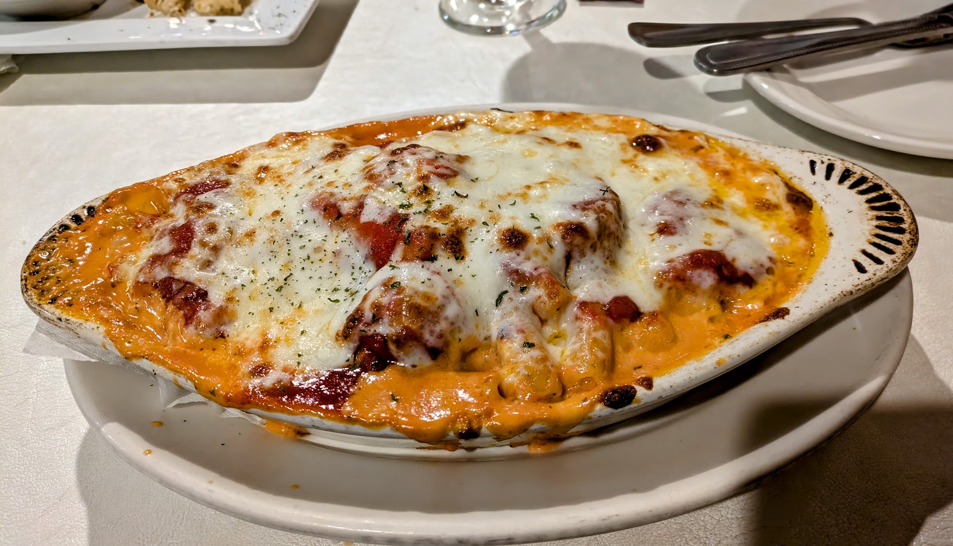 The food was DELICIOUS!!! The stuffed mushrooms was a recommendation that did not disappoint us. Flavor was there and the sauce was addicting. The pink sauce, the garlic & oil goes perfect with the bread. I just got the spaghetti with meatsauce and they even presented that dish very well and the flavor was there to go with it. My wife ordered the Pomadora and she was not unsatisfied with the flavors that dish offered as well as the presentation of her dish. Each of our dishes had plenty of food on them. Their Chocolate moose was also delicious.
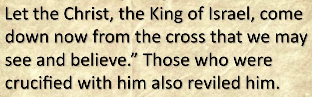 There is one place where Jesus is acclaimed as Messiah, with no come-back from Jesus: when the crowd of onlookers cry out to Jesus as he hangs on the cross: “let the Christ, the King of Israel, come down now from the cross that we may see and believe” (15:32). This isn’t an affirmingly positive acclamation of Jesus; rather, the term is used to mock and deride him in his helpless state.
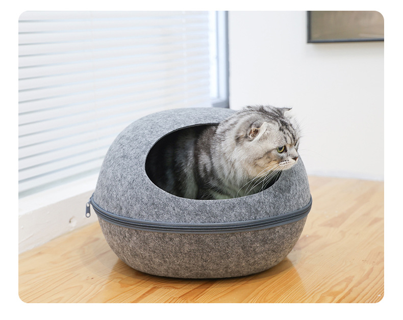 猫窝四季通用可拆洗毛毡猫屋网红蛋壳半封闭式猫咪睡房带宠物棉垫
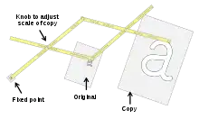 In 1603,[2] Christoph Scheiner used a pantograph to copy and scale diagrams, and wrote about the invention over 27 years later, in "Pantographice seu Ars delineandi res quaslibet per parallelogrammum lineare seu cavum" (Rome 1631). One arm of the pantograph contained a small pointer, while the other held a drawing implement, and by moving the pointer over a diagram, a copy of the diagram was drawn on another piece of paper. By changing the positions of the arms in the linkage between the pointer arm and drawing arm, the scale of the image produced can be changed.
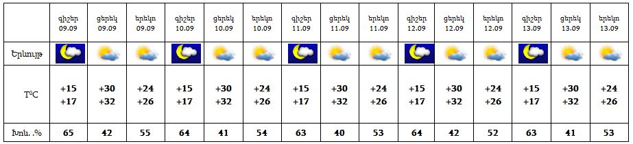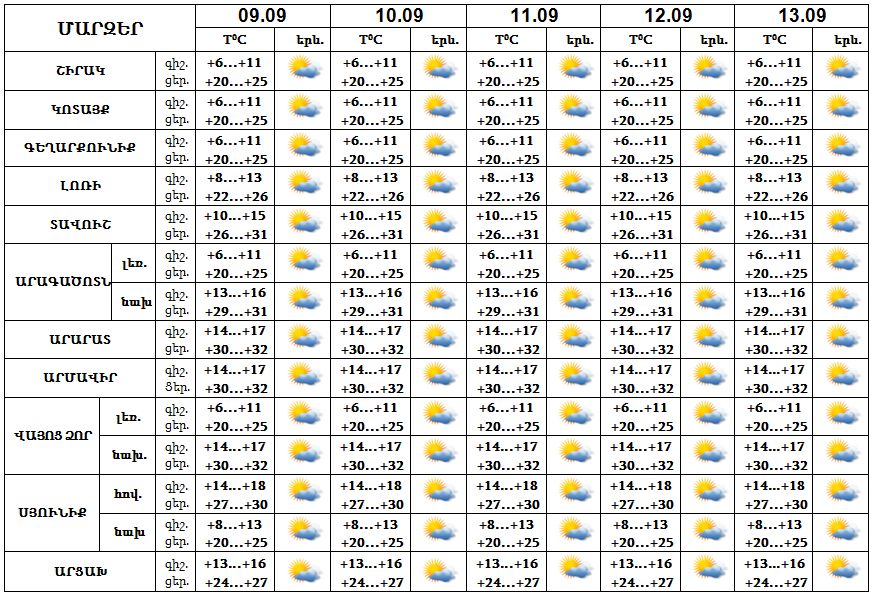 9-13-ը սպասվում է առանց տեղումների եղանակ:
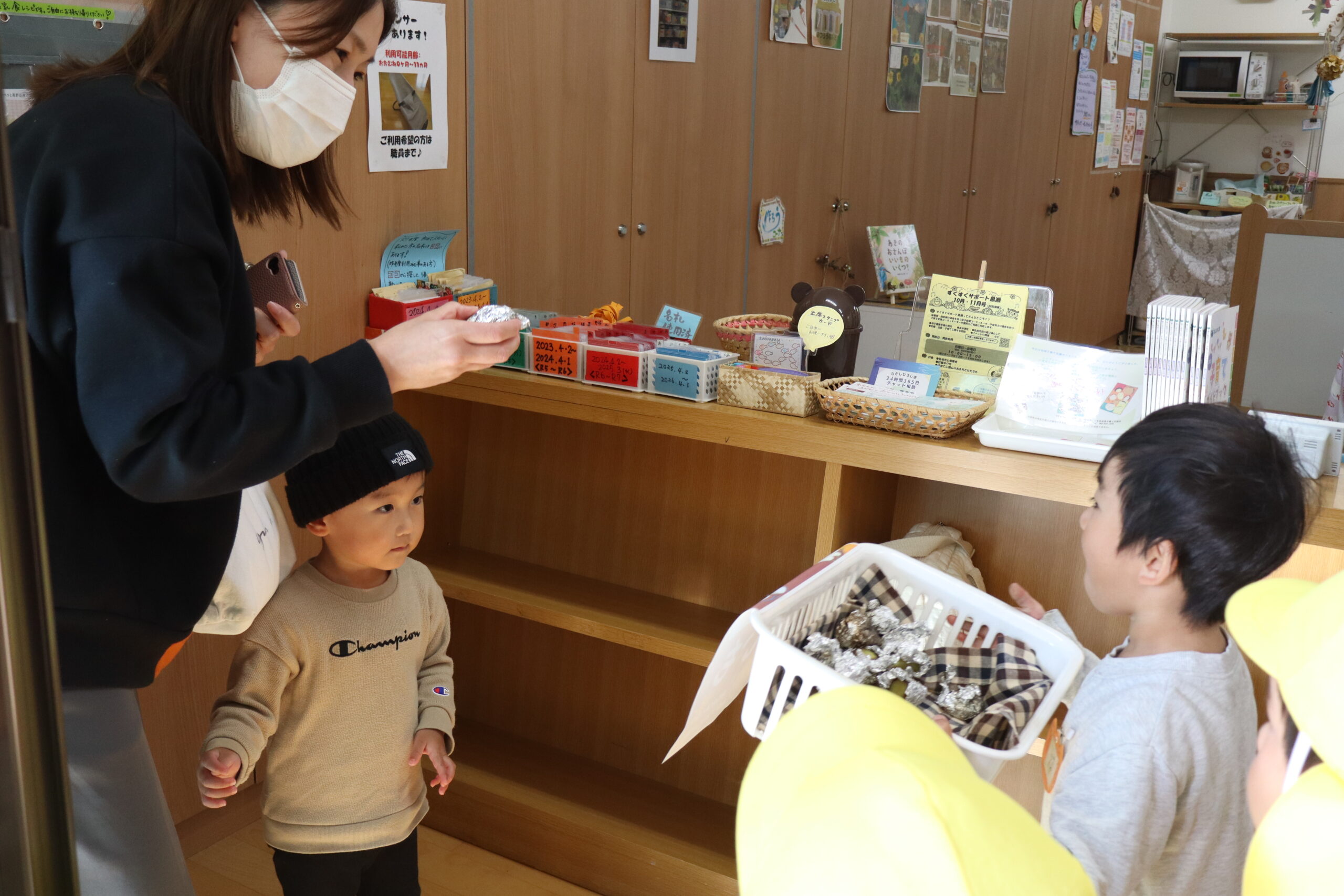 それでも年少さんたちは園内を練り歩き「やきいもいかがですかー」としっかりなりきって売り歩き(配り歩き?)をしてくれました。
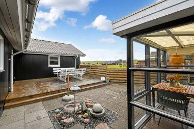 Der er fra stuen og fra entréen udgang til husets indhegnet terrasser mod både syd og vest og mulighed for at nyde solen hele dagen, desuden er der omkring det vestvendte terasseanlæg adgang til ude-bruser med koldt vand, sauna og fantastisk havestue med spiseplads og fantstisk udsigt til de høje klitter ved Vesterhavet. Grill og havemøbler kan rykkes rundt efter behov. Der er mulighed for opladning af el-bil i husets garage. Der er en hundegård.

________________________

### DESCRIPTION OF THE TASK
Up to and including the line containing "In 1603,[2] Christoph", repeat every line from the start of the data, but none of the pictures.

### ANSWER FOR THE TASK
 The food was DELICIOUS!!! The stuffed mushrooms was a recommendation that did not disappoint us. Flavor was there and the sauce was addicting. The pink sauce, the garlic & oil goes perfect with the bread. I just got the spaghetti with meatsauce and they even presented that dish very well and the flavor was there to go with it. My wife ordered the Pomadora and she was not unsatisfied with the flavors that dish offered as well as the presentation of her dish. Each of our dishes had plenty of food on them. Their Chocolate moose was also delicious.
 There is one place where Jesus is acclaimed as Messiah, with no come-back from Jesus: when the crowd of onlookers cry out to Jesus as he hangs on the cross: “let the Christ, the King of Israel, come down now from the cross that we may see and believe” (15:32). This isn’t an affirmingly positive acclamation of Jesus; rather, the term is used to mock and deride him in his helpless state.
 猫窝四季通用可拆洗毛毡猫屋网红蛋壳半封闭式猫咪睡房带宠物棉垫
 In 1603,[2] Christoph Scheiner used a pantograph to copy and scale diagrams, and wrote about the invention over 27 years later, in "Pantographice seu Ars delineandi res quaslibet per parallelogrammum lineare seu cavum" (Rome 1631). One arm of the pantograph contained a small pointer, while the other held a drawing implement, and by moving the pointer over a diagram, a copy of the diagram was drawn on another piece of paper. By changing the positions of the arms in the linkage between the pointer arm and drawing arm, the scale of the image produced can be changed.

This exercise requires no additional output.